◆ What the exercise asks
Reproduce the data exactly as given, except for any images.

◆ Given material
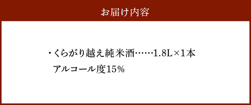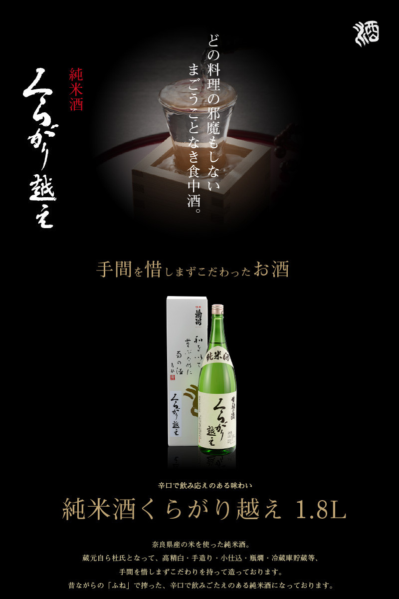 くらがり越え純米酒 1.8L 酒 純米酒 くらがり越え 1.8L アルコール 度数15% 銘酒 天然水 生駒山 自然 まろやか 酵母 手造り 江戸時代 昔ながら 奈良県産米使用 創業300年 お取り寄せ 飲料 飲み物 菊司醸造株式会社 奈良県 生駒市 送料無料
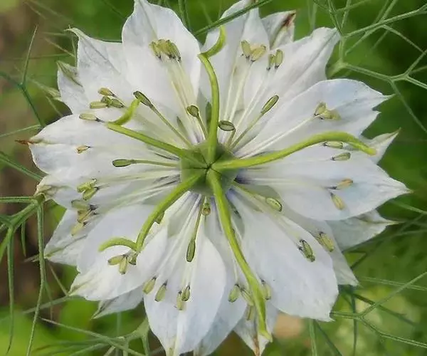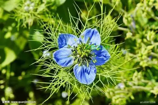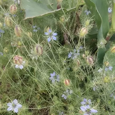 黑种草(学名:Nigella damascena L.)是毛茛科,黑种草属一年生草本,高可达60厘米。茎有疏短毛,中上部多分枝。叶为一回或二回羽状深裂,裂片细,茎下部的叶有柄,花单生枝顶,花萼淡蓝色,形如花瓣,椭圆状卵形,二唇形,雄蕊多数,花药处部钝或微渐尖;果膨胀,基部合生几达中部而形成蒴果,种子多数,扁三棱形,黑色,6-7月开花,8月结果。
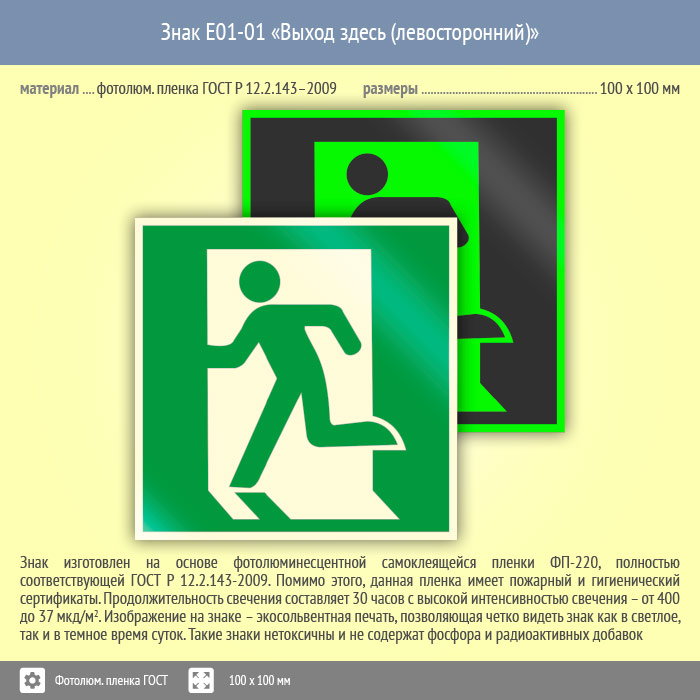 Знак E01-01 «Выход здесь (левосторонний)» (фотолюминесцентная пленка ГОСТ 34428-2018, 100х100 мм) в Пензе купить
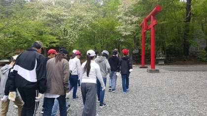 河口湖フィールドセンターへ着きました。班に別れてフィールドワークが始まりました。真剣に話を聞いています。

◆ Finished exercise
 くらがり越え純米酒 1.8L 酒 純米酒 くらがり越え 1.8L アルコール 度数15% 銘酒 天然水 生駒山 自然 まろやか 酵母 手造り 江戸時代 昔ながら 奈良県産米使用 創業300年 お取り寄せ 飲料 飲み物 菊司醸造株式会社 奈良県 生駒市 送料無料
 黑种草(学名:Nigella damascena L.)是毛茛科,黑种草属一年生草本,高可达60厘米。茎有疏短毛,中上部多分枝。叶为一回或二回羽状深裂,裂片细,茎下部的叶有柄,花单生枝顶,花萼淡蓝色,形如花瓣,椭圆状卵形,二唇形,雄蕊多数,花药处部钝或微渐尖;果膨胀,基部合生几达中部而形成蒴果,种子多数,扁三棱形,黑色,6-7月开花,8月结果。
 Знак E01-01 «Выход здесь (левосторонний)» (фотолюминесцентная пленка ГОСТ 34428-2018, 100х100 мм) в Пензе купить
 河口湖フィールドセンターへ着きました。班に別れてフィールドワークが始まりました。真剣に話を聞いています。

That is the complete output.